-------- Records provided

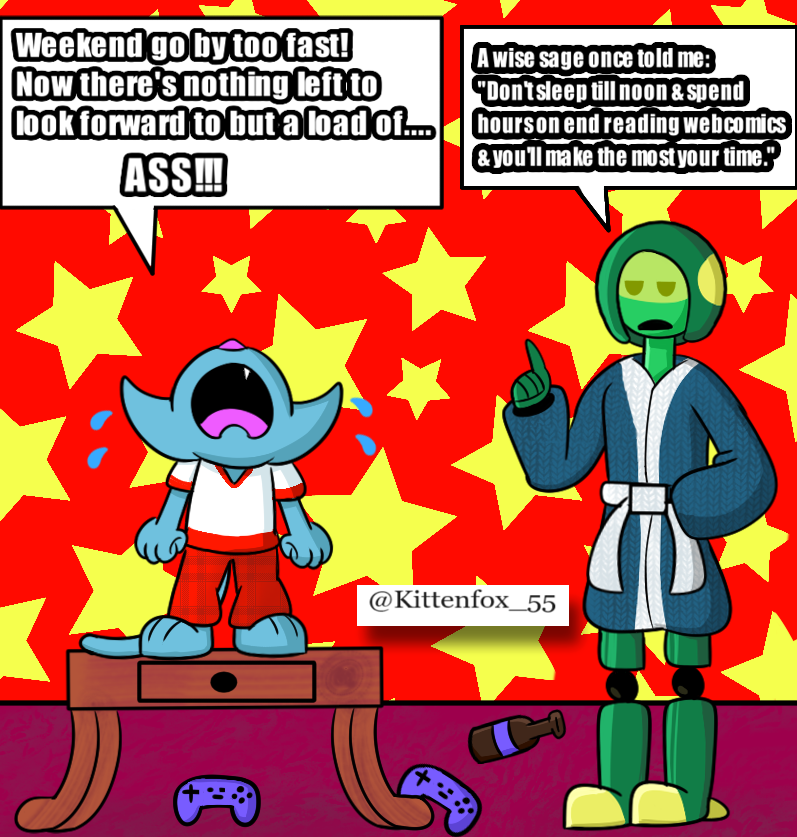 This is the kinda joke you come up with a late on a weekend with friends while hyped up on salty snacks. But I think we've all experienced something, we all don't want to go back to work after having just a few days off (especially after if you get an extra day) but even more so when you feel like you've wanted to get some things accomplished but for one reason or another it doesn't happen. Maybe Cerulia needs better time management skills. And Upsilon is giving her some advice on where to start, He's so supportive of her.0 Comments 0 Shares 27 Views -
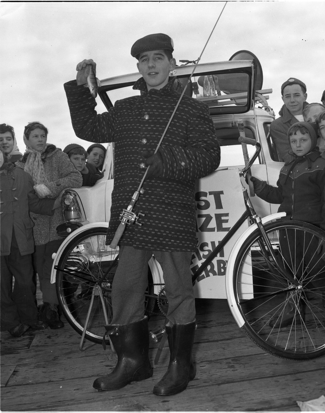 Ingo Schaus, Midland, shows the perch which brought him the first prize bicycle in the junior fishing derby Sunday afternoon at the Penetang Winterama. Rene Lesperance, Penetang Jaycee member, made the presentation.
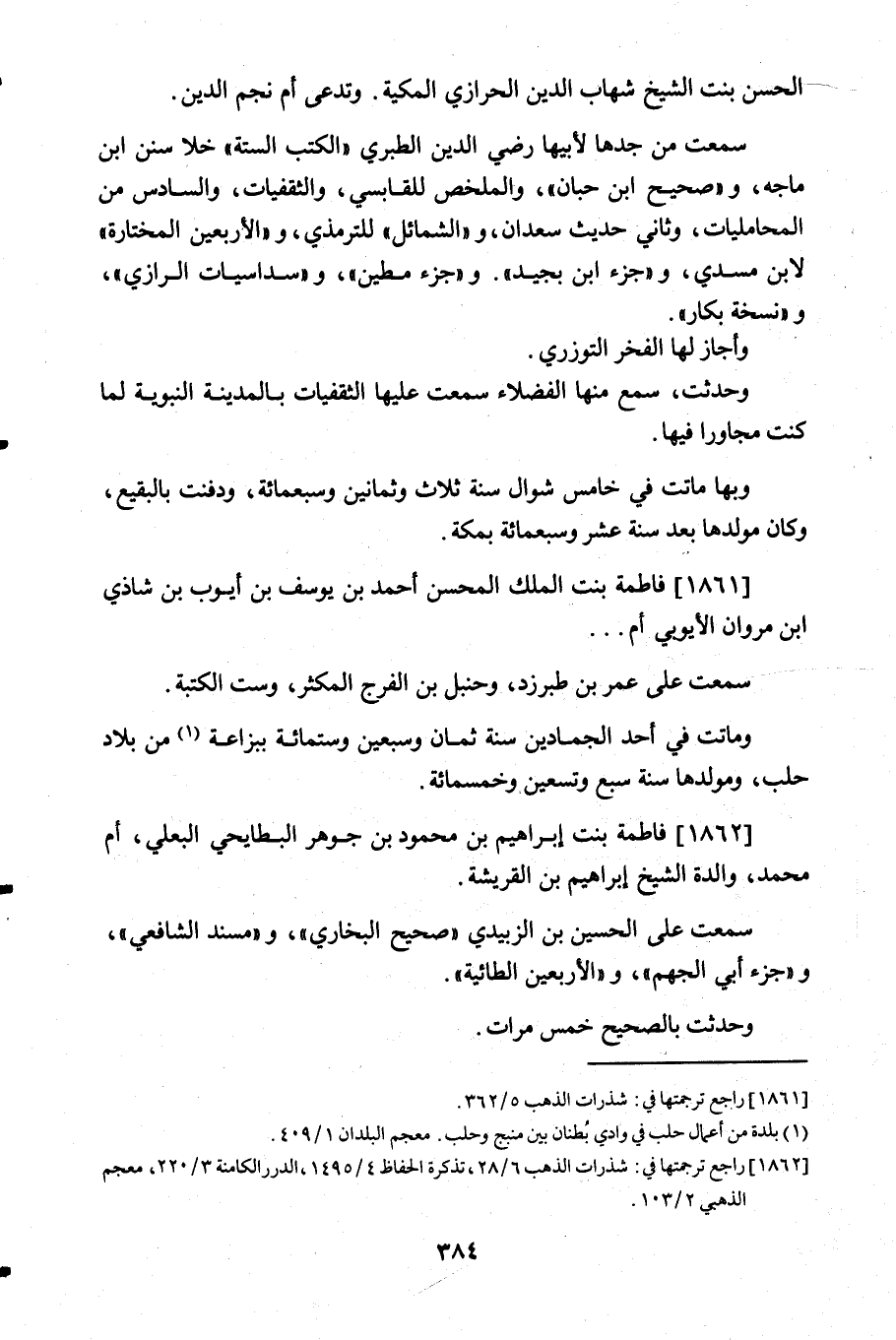 1862- راجع ترجمتها في شذرات الذهب 6/28, تذكرة الحفاظ 4/1495, الدرر الكامنة 3/220, معجم الذهبي 2/103.
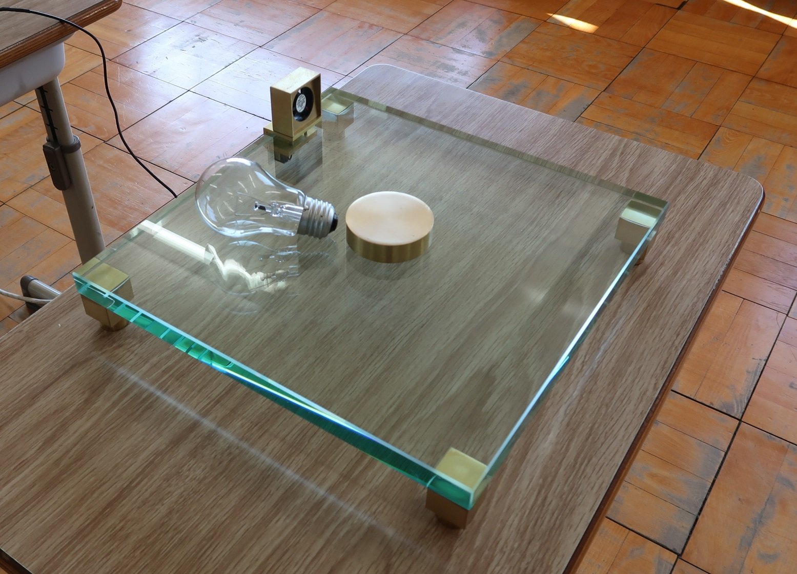 一つ目は、電球を使った作品《回る電球》。電球に少しの力を加えるとその場でくるくると回り始めます。回り続ける電球を不思議そうに目で追う生徒たちに片岡さんがその仕組みを明かします。机に何気なく置いた電球がくるりと回り出した時、いつも見ていた電球が“違うもの”に見えたことからこの作品の着想を得たそうです。「星の軌道みたい。小惑星とか隕石の衝突みたい」「重心がすごい…。地球を感じる」「下に落ちそうで落ちない」と次第に生徒たちから感想が出てきます。
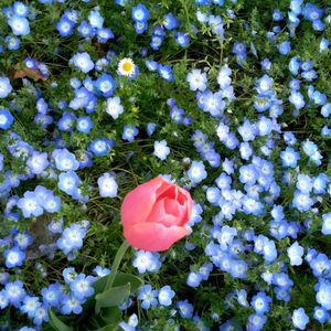 ネモフィラとチューリップ🌷☺️ 通りすがりの歩道脇の花壇に咲いていました☺️ 2022/04/19(火)16:56.晴れ.風強い スマホ📱で撮影しました☺️
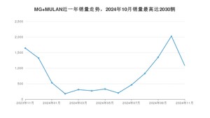 2024年11月,MG MULAN销量为1084辆,同比下降33.98%,环比下降46.6%。2023年11月-2024年11月份,MG MULAN销量为10534辆,同比下降7.47%。
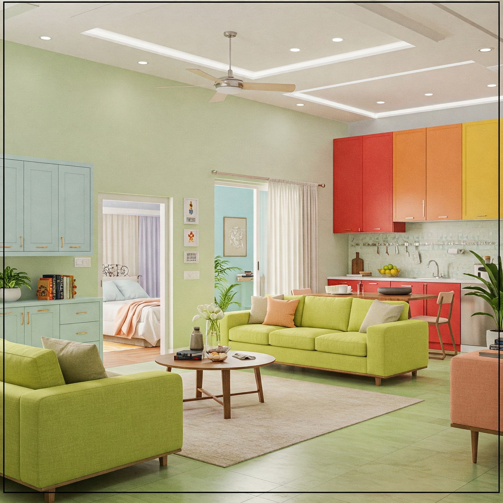 - Living Room: Light green, yellow, white colors

----------------

Problem:
Above are records; repeat only the lines from the line with "1862- راجع ترجمتها" through the line with "一つ目は、電球を使った作品《", and leave pictures out.

Answer to this problem:
 1862- راجع ترجمتها في شذرات الذهب 6/28, تذكرة الحفاظ 4/1495, الدرر الكامنة 3/220, معجم الذهبي 2/103.
 一つ目は、電球を使った作品《回る電球》。電球に少しの力を加えるとその場でくるくると回り始めます。回り続ける電球を不思議そうに目で追う生徒たちに片岡さんがその仕組みを明かします。机に何気なく置いた電球がくるりと回り出した時、いつも見ていた電球が“違うもの”に見えたことからこの作品の着想を得たそうです。「星の軌道みたい。小惑星とか隕石の衝突みたい」「重心がすごい…。地球を感じる」「下に落ちそうで落ちない」と次第に生徒たちから感想が出てきます。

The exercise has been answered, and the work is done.